#### Input data

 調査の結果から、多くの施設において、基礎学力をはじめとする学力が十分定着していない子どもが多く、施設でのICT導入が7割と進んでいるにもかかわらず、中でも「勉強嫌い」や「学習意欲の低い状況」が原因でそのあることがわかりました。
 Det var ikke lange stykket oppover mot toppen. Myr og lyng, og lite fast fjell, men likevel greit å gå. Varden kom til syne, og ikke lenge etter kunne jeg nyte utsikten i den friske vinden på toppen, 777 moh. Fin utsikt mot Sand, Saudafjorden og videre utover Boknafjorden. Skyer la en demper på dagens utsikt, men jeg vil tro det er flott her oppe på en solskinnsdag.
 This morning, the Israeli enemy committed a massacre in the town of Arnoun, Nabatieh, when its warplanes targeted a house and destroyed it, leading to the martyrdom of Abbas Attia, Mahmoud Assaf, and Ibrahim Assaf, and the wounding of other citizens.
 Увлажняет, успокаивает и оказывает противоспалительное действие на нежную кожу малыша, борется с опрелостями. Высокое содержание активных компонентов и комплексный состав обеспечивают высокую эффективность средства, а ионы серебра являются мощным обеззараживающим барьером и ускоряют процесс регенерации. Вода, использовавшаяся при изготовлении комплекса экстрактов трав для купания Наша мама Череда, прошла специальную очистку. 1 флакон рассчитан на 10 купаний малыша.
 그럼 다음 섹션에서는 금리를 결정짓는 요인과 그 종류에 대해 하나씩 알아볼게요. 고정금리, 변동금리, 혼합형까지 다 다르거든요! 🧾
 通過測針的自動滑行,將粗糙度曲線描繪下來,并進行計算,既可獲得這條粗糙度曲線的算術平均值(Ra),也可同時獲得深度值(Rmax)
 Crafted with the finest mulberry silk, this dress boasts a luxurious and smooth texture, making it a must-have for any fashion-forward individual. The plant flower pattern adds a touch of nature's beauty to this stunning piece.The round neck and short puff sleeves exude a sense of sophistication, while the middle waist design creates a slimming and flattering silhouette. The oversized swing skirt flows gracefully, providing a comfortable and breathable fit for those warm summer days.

########

Problem requirements
What do the lines from the one with "Det var ikke" through the last line of the entries say? Print them word for word, both ends included, and nothing else.

Answer for the task
 Det var ikke lange stykket oppover mot toppen. Myr og lyng, og lite fast fjell, men likevel greit å gå. Varden kom til syne, og ikke lenge etter kunne jeg nyte utsikten i den friske vinden på toppen, 777 moh. Fin utsikt mot Sand, Saudafjorden og videre utover Boknafjorden. Skyer la en demper på dagens utsikt, men jeg vil tro det er flott her oppe på en solskinnsdag.
 This morning, the Israeli enemy committed a massacre in the town of Arnoun, Nabatieh, when its warplanes targeted a house and destroyed it, leading to the martyrdom of Abbas Attia, Mahmoud Assaf, and Ibrahim Assaf, and the wounding of other citizens.
 Увлажняет, успокаивает и оказывает противоспалительное действие на нежную кожу малыша, борется с опрелостями. Высокое содержание активных компонентов и комплексный состав обеспечивают высокую эффективность средства, а ионы серебра являются мощным обеззараживающим барьером и ускоряют процесс регенерации. Вода, использовавшаяся при изготовлении комплекса экстрактов трав для купания Наша мама Череда, прошла специальную очистку. 1 флакон рассчитан на 10 купаний малыша.
 그럼 다음 섹션에서는 금리를 결정짓는 요인과 그 종류에 대해 하나씩 알아볼게요. 고정금리, 변동금리, 혼합형까지 다 다르거든요! 🧾
 通過測針的自動滑行,將粗糙度曲線描繪下來,并進行計算,既可獲得這條粗糙度曲線的算術平均值(Ra),也可同時獲得深度值(Rmax)
 Crafted with the finest mulberry silk, this dress boasts a luxurious and smooth texture, making it a must-have for any fashion-forward individual. The plant flower pattern adds a touch of nature's beauty to this stunning piece.The round neck and short puff sleeves exude a sense of sophistication, while the middle waist design creates a slimming and flattering silhouette. The oversized swing skirt flows gracefully, providing a comfortable and breathable fit for those warm summer days.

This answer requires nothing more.